I'm not sure what I'm missing from my (presumably) kernel config. My Ubuntu system at work mounts the phone just fine as usb mass-storage device.

I can mount usb memory sticks and my other phone just fine, only the android device I'm not able to mount. I've enabled nearly every usb option and also the usb gadget options within the kernel without luck.
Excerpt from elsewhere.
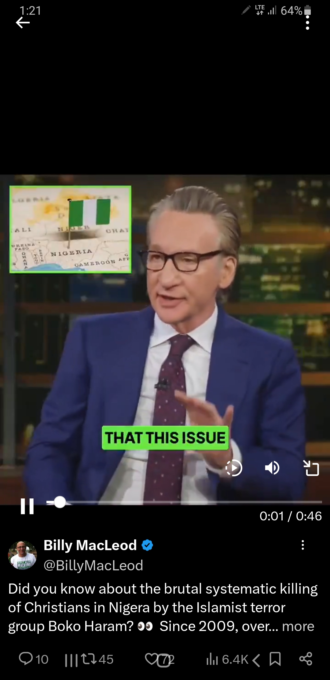 Maher said the tragedy had not garnered the attention he believed it deserves, arguing that if “you don’t know what’s going on in Nigeria, your media sources suck.”
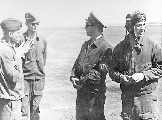 Разбор: на приборы нужно смотреть, а не на девок на речке! Курсанты: В. Васильев, А. Погребной, командир звена майор В. Титов, курсант В. Наймушин – будущий летчик-испытатель

I'm sure it's only a small thing I'm missing but I have no clue what I'm missing.

Can anybody helb me?Last edited by rowi on Sun Aug 09, 2009 9:52 am; edited 1 time in total

----------

## theotherjoe

what does fdisk -l tell you?

----------

## rowi

fdisk -l gives no output at all, cfdisk complains: "FATAL ERROR: Cannot open disk drive"

----------

## theotherjoe

there is definitely something going pear-shaped.

You sure you have a sd card in your phone?

maybe not seated properly? problems with cable?

is the device connected directly to the hub on the

machine?

edit: puzzling is that there are no block device parameters

(number of blocks and so on) printed at all in your syslog

----------

## rowi

 *theotherjoe wrote:*   

> You sure you have a sd card in your phone?
> 
> maybe not seated properly?

 

There's no SD-Card in the phone but the internal 8GB are organized in a way that 1GB is the regularar 'internal' memory, 7GB are an internal SD-card. The 'internal' SD-Card is being recognized as such with Ubuntu.

Windows shows two devices, the internal memory and the internal SD-Card.

 *theotherjoe wrote:*   

> problems with cable?

 

is the device connected directly to the hub on the

machine?[/quote]

It's the original cable and it works fine when I boot if I boot Vista or plug it to my notebook at work (with Ubuntu).

At home it's connected directly to the internal USB-Port of the Computer.

 *theotherjoe wrote:*   

> edit: puzzling is that there are no block device parameters
> 
> (number of blocks and so on) printed at all in your syslog

 That's why I think I'm missing a simple but important kernel option or module. 

I also tried at the computer of a colleague. He uses Slackware with a custum build kernel and on that machine the phone also isn't useable. It also get's recodnized as an /dev/sd device, though.

Both are custom configured so I think we both missed an option we normally don't need (and he still doesn't).

With the Ubuntu Kernel everything is fine but unfortunately it's build without /proc/config support and the only modules which get loaded if I plug the phone in are the general for usb and usb mass-storage. So it must be a build in option.

The hint with usb gadget devices I got on #gentoo.de didn't work, either.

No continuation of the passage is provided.